The genesis of the television series Buffy the Vampire Slayer began with a 1992 tongue-in-cheek film about a high school cheerleader who discovers she's the latest in a long line of young women destined to battle vampires.
The series picked up where the film left off, and became an instant cult classic. In the television version, Buffy lives in the picturesque town of Sunnydale, Calif. -- which just happens to sit on top of a portal into Hell. For the past seven years, Buffy has fought blood-sucking vampires, hellhounds and giant snakes, as well as the more typical adolescent demons of school and boyfriends.
From its name on down, Buffy sounds a little silly -- but Buffy's fans say the show stretches the boundaries of the medium, and challenges clichés.
Buffy enjoys a special following among academics, some of whom have staked a claim in what they call "Buffy Studies." NPR's Neda Ulaby reports there are serious academic studies on the characters and themes in the series -- titles like "Buffy the Vampire Disciplinarian: Institutional Excess and the New Economy of Power."
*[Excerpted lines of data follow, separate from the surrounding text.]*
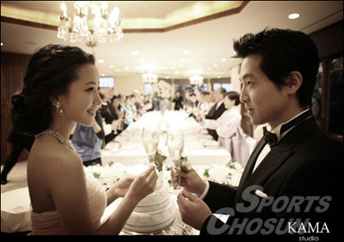 新郎樸周永畢業(yè)于漢陽大學法律系,是韓國中堅建設企業(yè)樂山集團總裁樸成寬的次子,現(xiàn)在首爾江南狎鷗亭洞經(jīng)營美容公司。去年,金喜善經(jīng)熟人介紹在一次聚會上和樸周永相識后,兩人經(jīng)過一年多的甜蜜戀愛,終于修成正果。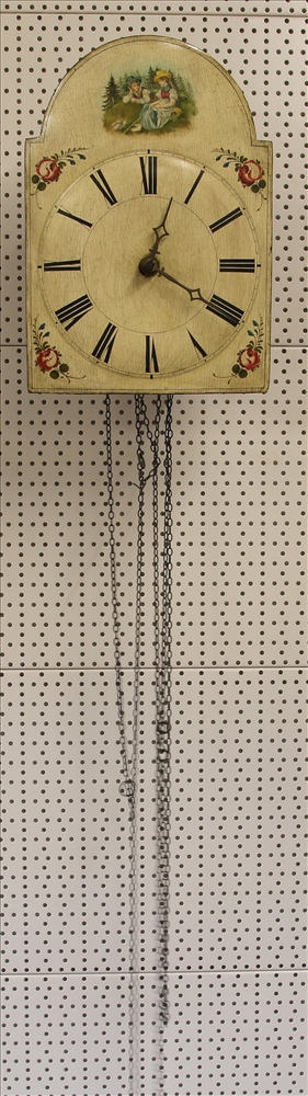 19. Jh. Floral bemaltes Holzschild und holzgespindeltes Messingräderwerk mit Ankergang. Schlag zur halben und vollen Stunde auf Tonfeder. Größe Schild ca. 37,5 x 27 cm. Altersbedingter Zustand, Gewichte und Pendel fehlen, nicht geprüft.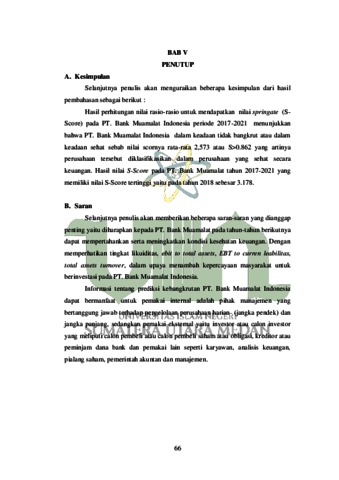 Lubis, Abu Sahmal (2023) Analisis Tingkat Financial Distress (Kesulitan Keuangan) Dalam Meminimalisir Risiko Kerugian Dengan Metode Springate (Studi Kasus PT. Bank Muamalat Indonesia). Skripsi thesis, UIN Sumatera Utara Medan.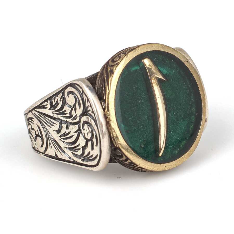 925 Ayar Gümüş Elif Harfli Yeşil Mineli Erkek Yüzük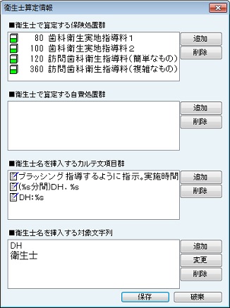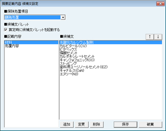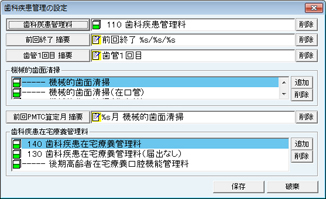 [歯科疾患管理の設定]画面が表示される。歯科疾患管理の算定時に挿入される摘要欄文を設定する。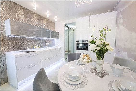 Белая глянцевая кухня в интерьере
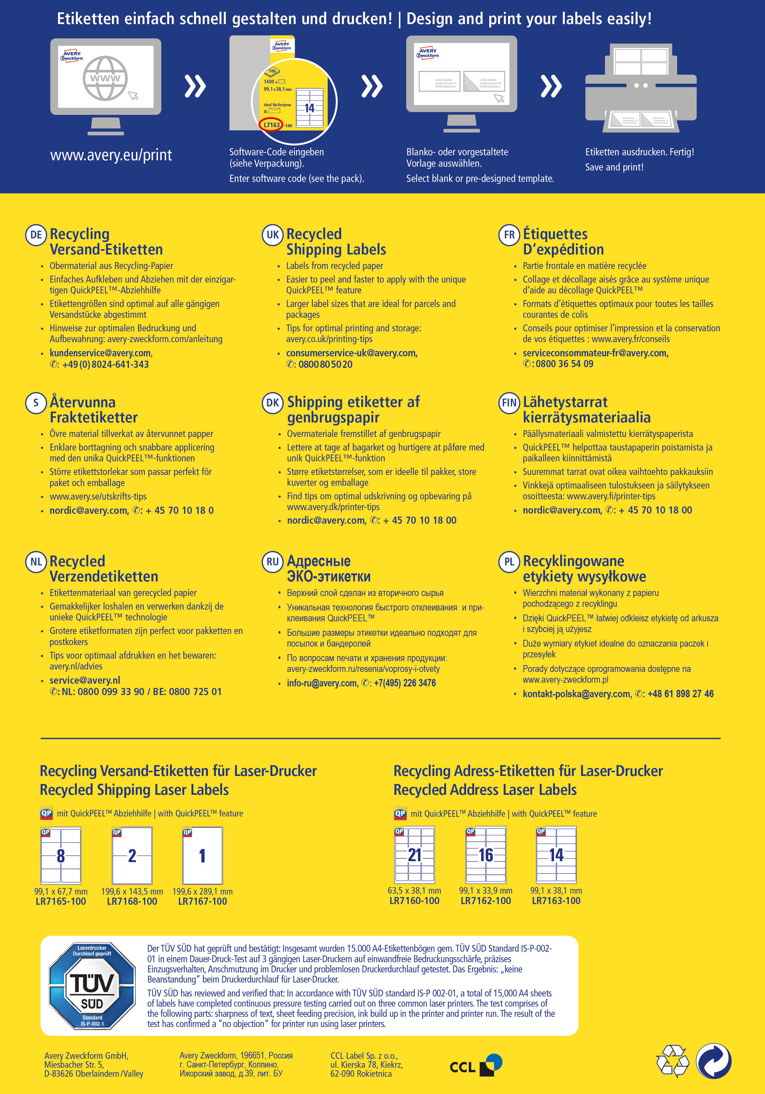 Qualität vom Etiketten-Experten: die naturweissen Recycling Versand-Etiketten LR7168-100 für Laser-Drucker im Format 199,6 x 143,5 mm von Avery Zweckform eignen sich z.B. ideal für Pakete und Päckchen oder für die DHL Online Frankierung. 200 Aufkleber auf 100 Bogen. Das Beste für die Umwelt: das Etiketten-Material der umweltfreundlichsten Etiketten von Avery Zweckform besteht zu 100% chlorfrei gebleichtem Altpapier. Der Klebstoff ist wasserbasiert und das Produkt ist ausgezeichnet mit dem Blauen Engel. Bei der Herstellung entstehen weniger Emissionen, die Produktionsabfälle werden komplett wiederverwertet. Das ist Nachhaltigkeit „Made in Germany“ und die erste Wahl für die Zukunft unserer Erde. Ideen drucken - einfach & professionell: mit Etiketten von Avery Zweckform können Sie den kostenlosen Online Etiketten-Designer unter www.avery.eu/print nutzen. Gestalten Sie Ihr Etikett mit der Software komplett selbst, verwenden Sie eine der Design-Vorlagen zu zahlreichen Themen, die Sie individuell anpassen können oder laden Sie Ihr fertiges Design hoch und drucken anschliessend standgenau aus. So schnell und einfach sorgen Sie für einen professionellen Auftritt. Think & Care - Avery Zweckform ist seit 2020 klimaneutral: die Treibhausgasemissionen des Standortes werden durch zertifizierte Klimaschutzprojekte ausgeglichen. Schon seit 2014 wird ausschliesslich Ökostrom/-gas verwendet. Forschung, Entwicklung, Produktion, Logistik und Verwaltung am Firmenstandort in Oberlaindern/Bayern garantieren höchste Qualitäts- und Umweltstandards sowie kurze Lieferwege.

Now the series is down to its final two episodes (the final episode airs May 20), and the fate of "Buffy Studies" is up in the air. David Lavery, helping to organize the second Buffy Studies Conference in Nashville, Tenn., in 2004, says the end of the series will actually be just the beginning of the debate. "We are at the point where we're developing textual studies of Buffy and debates about what constitutes the actual text of Buffy," he tells Ulaby.
Lavery finds comfort in the words of philosopher Friedrich Nietzsche, whose theories are frequently invoked in Buffy Studies. "Nietzsche said the secret of life is to die at the right time -- and I think it's true of a television series, too."